Wednesday was the day I got into the accident. There’s no use recounting how the details unfolded, just that I was in a rush to get everything done that I could in the car–call this person, set up that reservation, make it home in time to see my wonderful boyfriend and puppy before I have to leave for a class–and I was just in a huge rush. I felt like I needed to save the world by the end of the day, and this necessity for control reared it’s ugly head when I felt that awful scraping vibration of two cars collide.
This is where the universe just started smiling on me.
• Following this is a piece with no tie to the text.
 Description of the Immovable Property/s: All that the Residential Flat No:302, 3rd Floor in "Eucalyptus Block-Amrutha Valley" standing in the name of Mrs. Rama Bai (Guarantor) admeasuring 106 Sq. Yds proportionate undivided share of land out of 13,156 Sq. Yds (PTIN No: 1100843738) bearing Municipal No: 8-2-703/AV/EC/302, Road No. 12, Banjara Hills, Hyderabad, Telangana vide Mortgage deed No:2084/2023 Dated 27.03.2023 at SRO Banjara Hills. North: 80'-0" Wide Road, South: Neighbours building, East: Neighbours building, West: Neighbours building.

We used props to work out the kinks in my too-tight shoulders, we did poses that stretched and opened me in ways that were more spiritual than physical, and, at with Marti’s every gentle but powerful adjustments, I surrendered so fully into relaxation. I can’t put my finger on why I was so inspired by this particular class. I’ve taken restorative classes before, but something about Marti’s intuitive knowledge on exactly where this strap should wrap, and when to move the bolster just a couple inches higher made me feel like I was being molded into a pose that only got better and easier through relaxing more.
This relaxation also taught me a lot. It showed me that I have been SO tense and SO contontrolling in my life recently. I’ve been pushing, pushing, pushing and going, going, going. I’ve been letting the experience get the most of me, instead of me getting the most out of the experience.
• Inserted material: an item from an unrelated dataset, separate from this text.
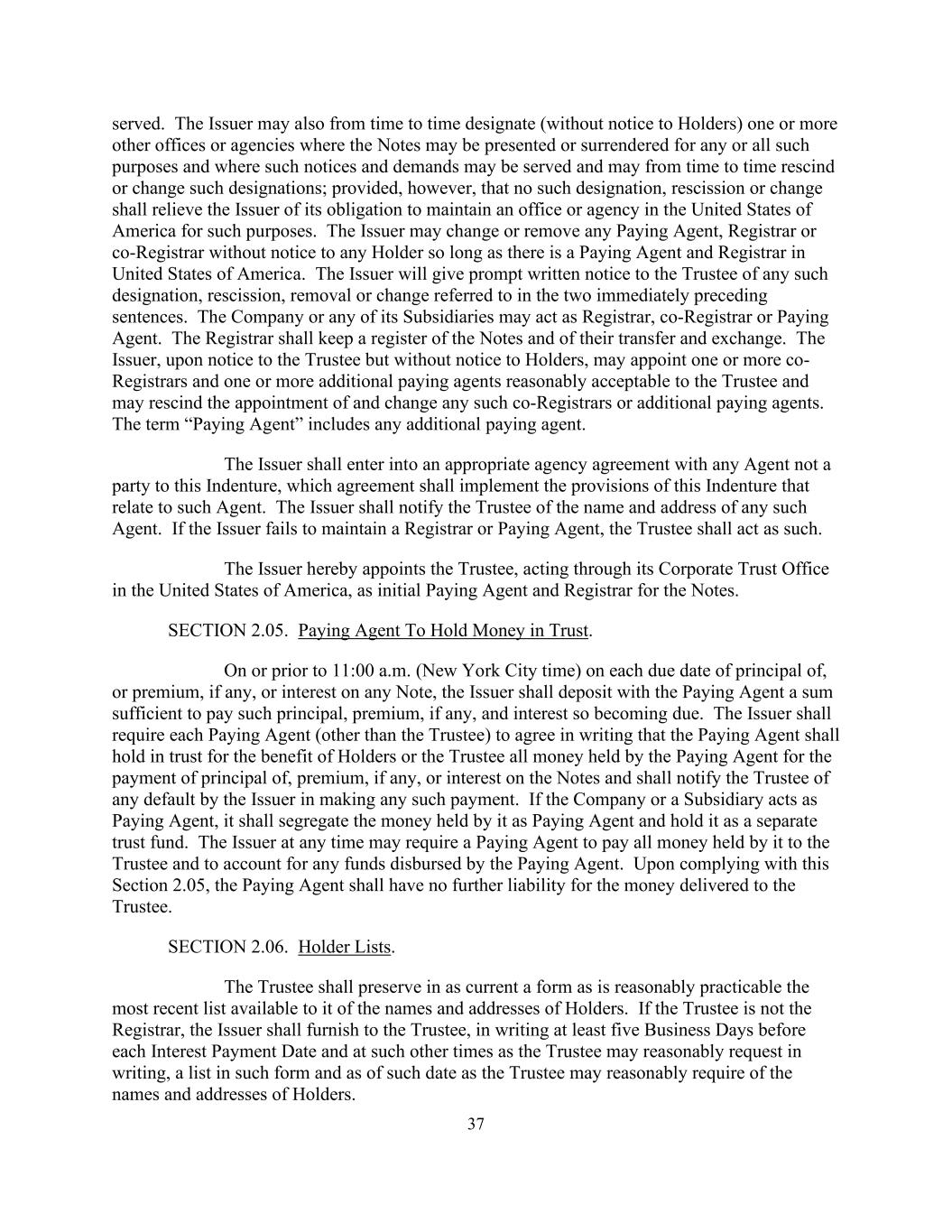 37人已服。发行人还可不时指定(不通知持有人)一个或多个其他办事处或机构,在这些办事处或机构中,可为任何或所有此类目的出示或交出票据,并可送达此类通知和要求,并可不时撤销或更改此类指定;但任何此类指定、撤销或变更均不得解除发行人为此类目的在美利坚合众国维持办事处或机构的义务。发行人可以在不通知任何持有人的情况下变更或解除任何付款代理人、注册官或共同注册官,只要在美利坚合众国有付款代理人和注册官。发行人将就紧接前两句所指的任何此类指定、撤销、撤销或变更及时向受托人发出书面通知。本公司或其任何附属公司可担任注册处处长、共同注册处处长或付款代理人。书记官长须备存有关票据及其转让及兑换的登记册。发行人在向受托人发出通知但无须通知持有人后,可委任一名或多于一名共同注册人及一名或多于一名受托人合理接受的额外付款代理人,并可撤销任何该等共同注册人或额外付款代理人的委任及更改。“支付代理”一词包括任何额外的支付代理。发行人应与非本契约一方的任何代理人订立适当的代理协议,该协议应执行本契约中与该代理人有关的规定。发行人应当将任何该等代理人的姓名、地址通知受托人。发行人未设立登记官或付款代理人的,由受托人代理。发行人特此指定受托人,通过其在美利坚合众国的公司信托办公室行事,作为票据的初始支付代理人和注册人。第2.05节。支付代理以信托方式持有资金。在任何票据的本金或溢价(如有)或利息的每个到期日上午11:00(纽约市时间)或之前,发行人应向付款代理存入一笔足以支付该等本金、溢价(如有)及如此到期的利息的款项。发行人应要求各付款代理人(受托人除外)书面同意,付款代理人应为持有人或受托人的利益以信托方式持有付款代理人为支付票据本金、溢价(如有)或利息而持有的所有款项,并应将发行人在支付任何该等款项时的任何违约情况通知受托人。公司或子公司作为支付代理的,应当将其作为支付代理持有的资金分离出来,作为单独的信托基金持有。发行人可以随时要求付款代理人将其持有的全部款项支付给受托人,并对付款代理人支付的任何资金进行会计处理。在遵守本条第2.05款后,付款代理人对交付给受托人的款项不再承担任何责任。第2.06节。持有人名单。受托人须以合理可行的当前格式保存其可获得的持有人姓名及地址的最新名单。如受托人并非注册官,则发行人须在每个利息支付日期前至少五个营业日,以及在受托人以书面合理要求的其他时间,以书面向受托人提供一份表格及截至受托人合理要求的日期的持有人姓名及地址清单。

Gradually, I started recognizing that I need to slow down and let go of trying to control all aspects of my being. I need to let the props hold me up. I need to take cues from a gentle hand. I need to surrender into the moment. I need to take time and absorb the gifts of this practice, without feeling like I need to keep DOING.
The timing of this class couldn’t have been better, and I feel grateful to have done this practice when I did. I hope, if you’re feeling any of the things I felt this week, that maybe you’ll take some time to enjoy a restorative class, too.
Do you have an experience where a yoga class left a profound influence on you?